INPUT =
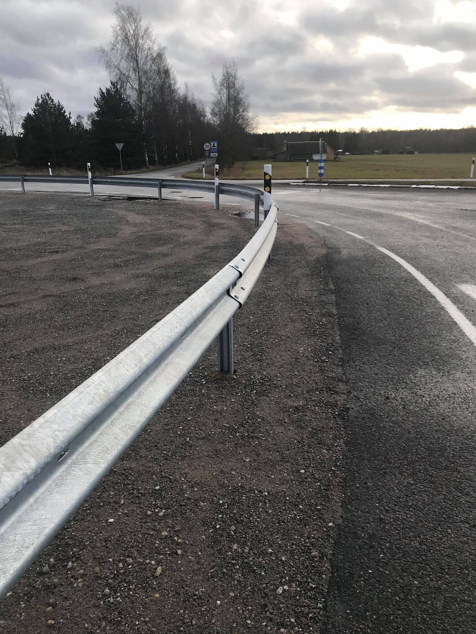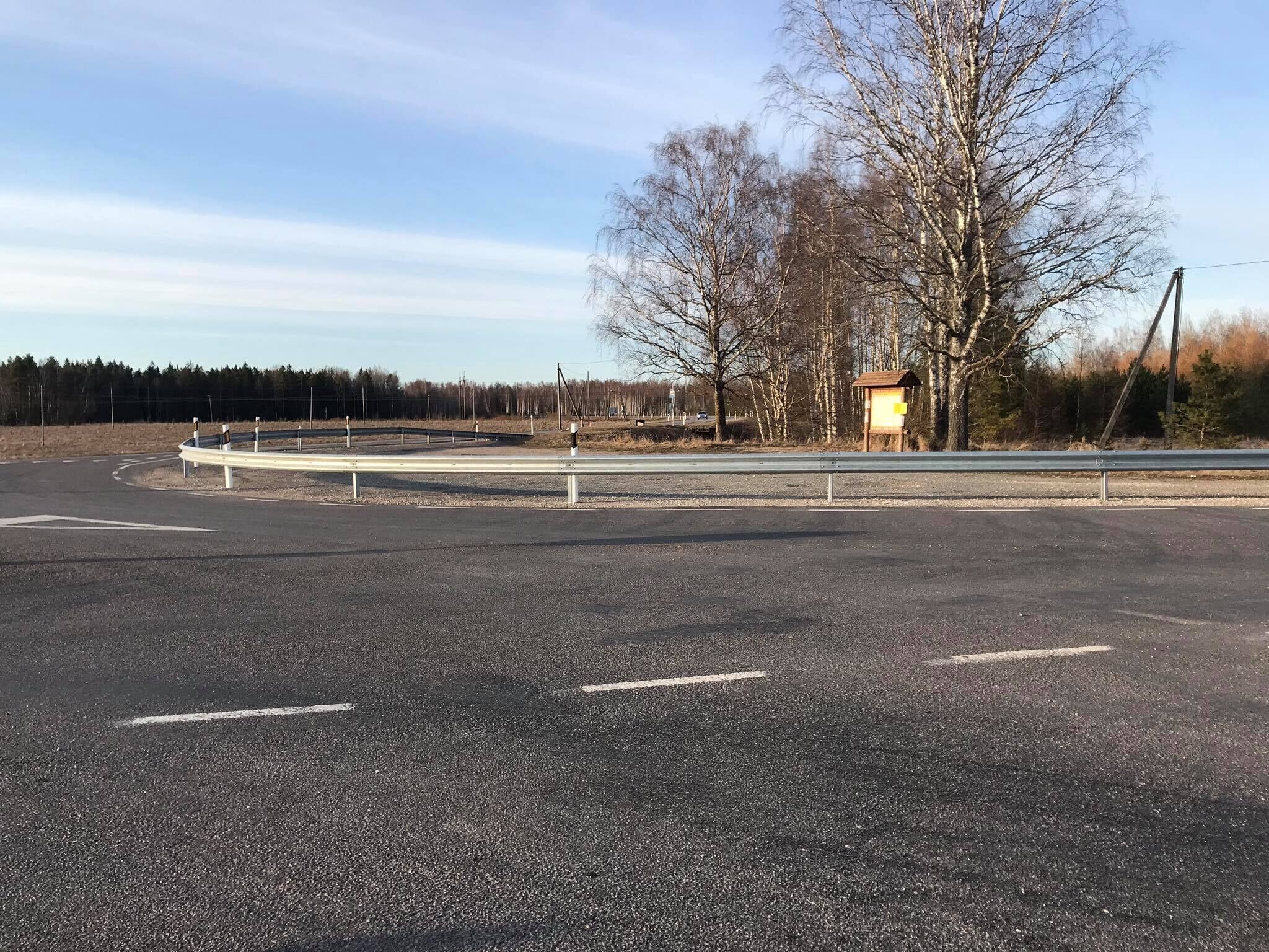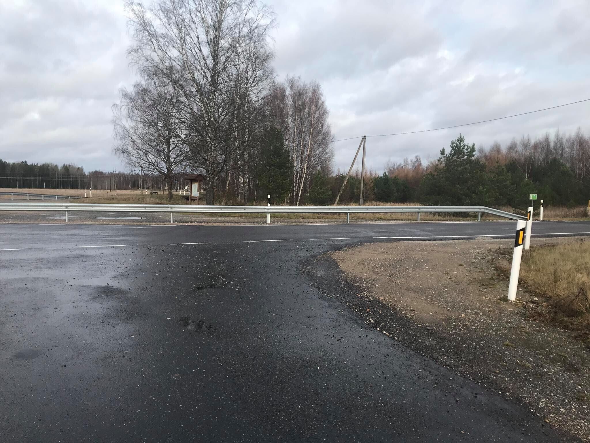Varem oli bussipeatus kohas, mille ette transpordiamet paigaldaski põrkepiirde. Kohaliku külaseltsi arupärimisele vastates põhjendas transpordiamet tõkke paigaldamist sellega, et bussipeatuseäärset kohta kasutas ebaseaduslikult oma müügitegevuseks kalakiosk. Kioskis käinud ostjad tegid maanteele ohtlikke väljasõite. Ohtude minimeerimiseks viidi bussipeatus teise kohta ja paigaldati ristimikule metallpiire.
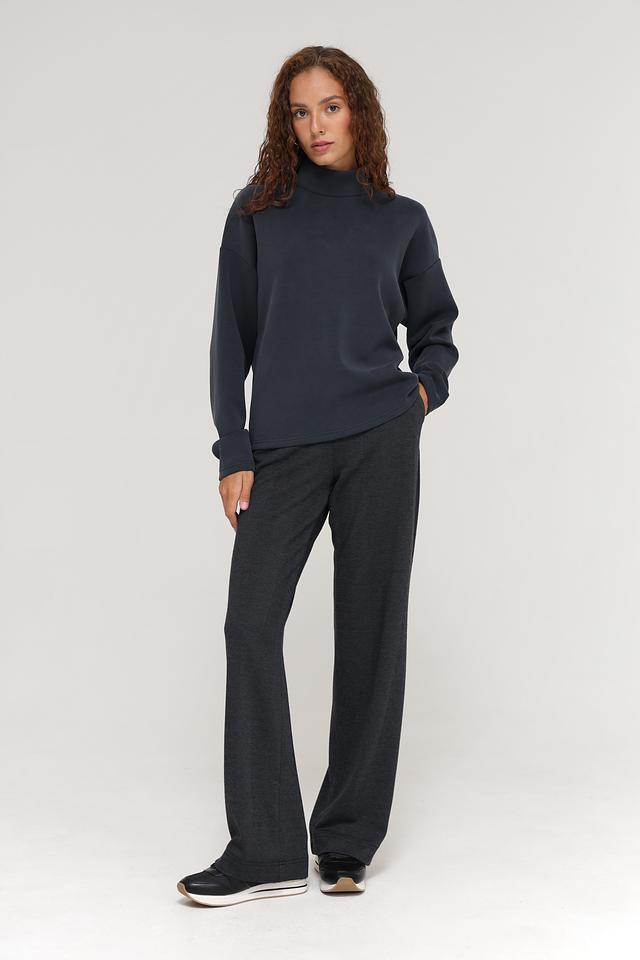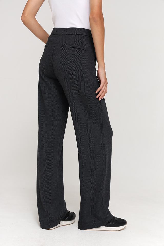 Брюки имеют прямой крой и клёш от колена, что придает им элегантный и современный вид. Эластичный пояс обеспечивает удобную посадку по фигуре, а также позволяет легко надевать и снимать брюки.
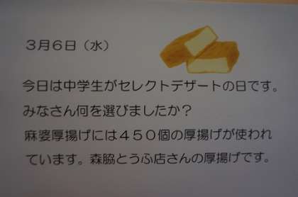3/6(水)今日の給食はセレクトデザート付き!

==

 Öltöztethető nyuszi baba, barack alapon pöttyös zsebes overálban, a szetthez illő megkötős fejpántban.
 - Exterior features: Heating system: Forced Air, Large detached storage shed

* * *

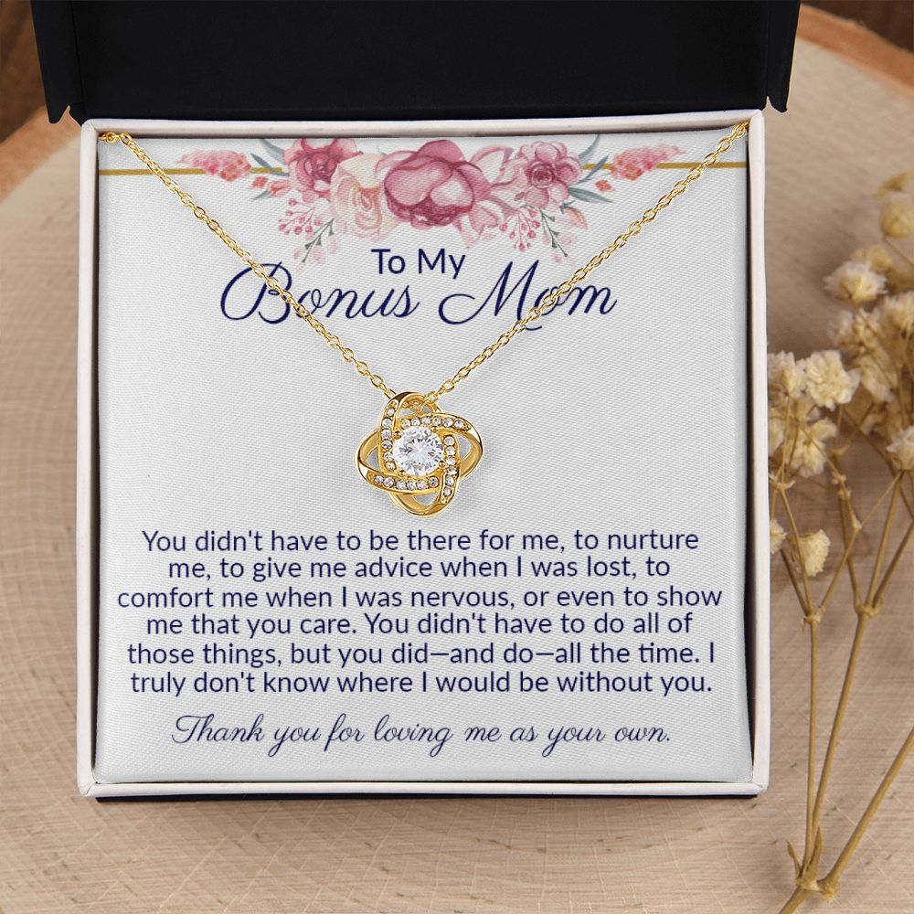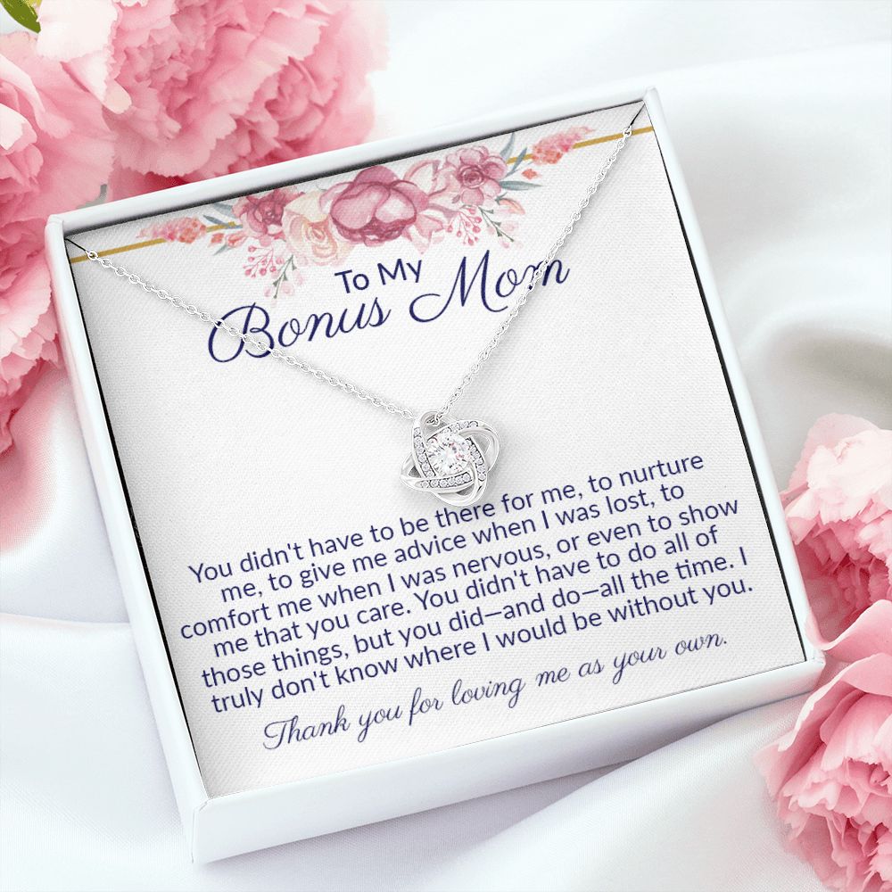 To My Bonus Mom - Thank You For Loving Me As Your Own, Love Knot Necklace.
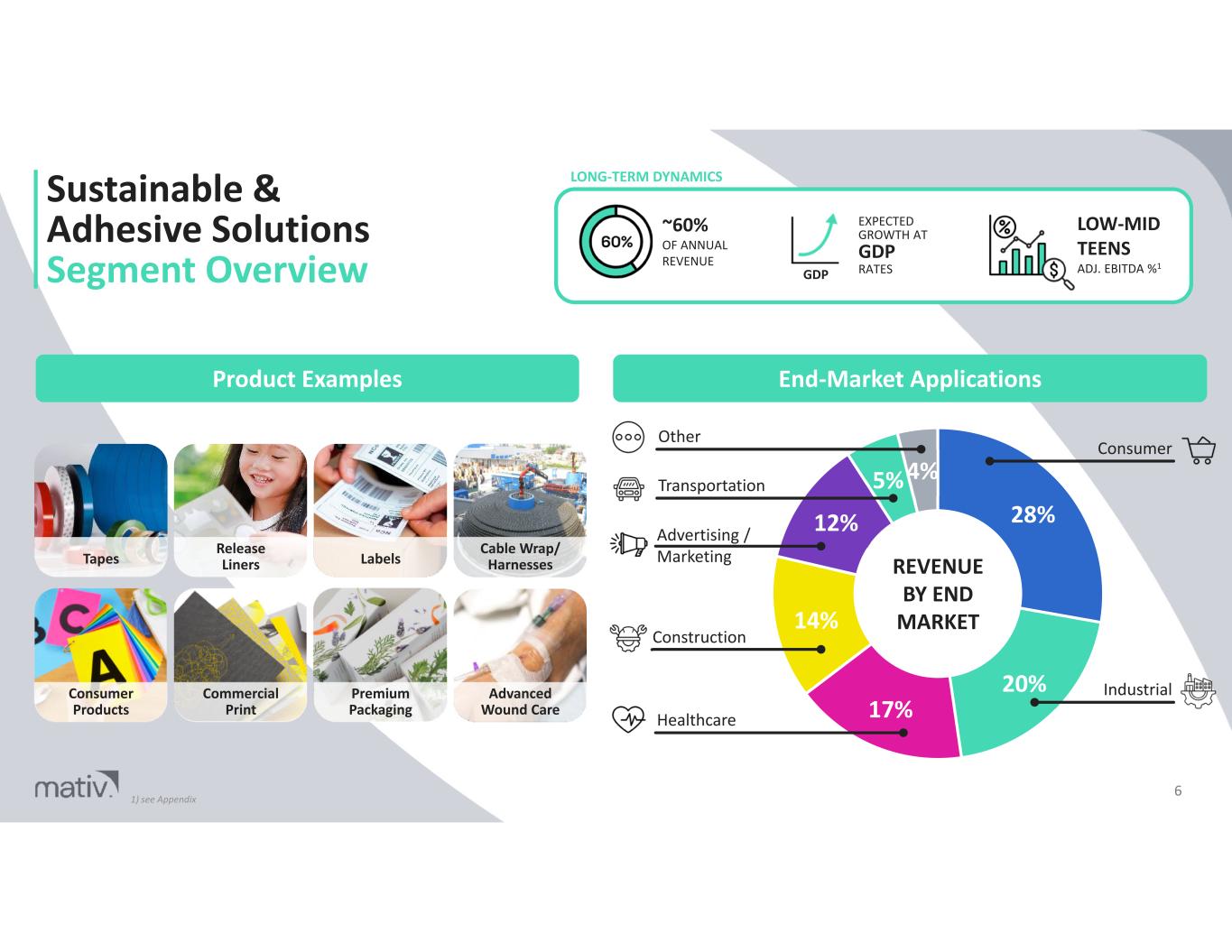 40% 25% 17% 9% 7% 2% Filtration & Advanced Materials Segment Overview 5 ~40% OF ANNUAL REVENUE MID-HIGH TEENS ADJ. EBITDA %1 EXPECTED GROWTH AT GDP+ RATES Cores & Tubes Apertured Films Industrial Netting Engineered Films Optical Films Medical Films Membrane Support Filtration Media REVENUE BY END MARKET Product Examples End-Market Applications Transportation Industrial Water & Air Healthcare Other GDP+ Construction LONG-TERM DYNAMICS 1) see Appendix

WHAT NEEDS TO BE DONE = For this exercise, please set down exactly the lines of the listing above from the line with "Varem oli bussipeatus" up to and including the line with "3/6(水)今日の給食はセレクトデザート付き!", and no pictures.

ANSWER BOX =
Varem oli bussipeatus kohas, mille ette transpordiamet paigaldaski põrkepiirde. Kohaliku külaseltsi arupärimisele vastates põhjendas transpordiamet tõkke paigaldamist sellega, et bussipeatuseäärset kohta kasutas ebaseaduslikult oma müügitegevuseks kalakiosk. Kioskis käinud ostjad tegid maanteele ohtlikke väljasõite. Ohtude minimeerimiseks viidi bussipeatus teise kohta ja paigaldati ristimikule metallpiire.
 Брюки имеют прямой крой и клёш от колена, что придает им элегантный и современный вид. Эластичный пояс обеспечивает удобную посадку по фигуре, а также позволяет легко надевать и снимать брюки.
3/6(水)今日の給食はセレクトデザート付き!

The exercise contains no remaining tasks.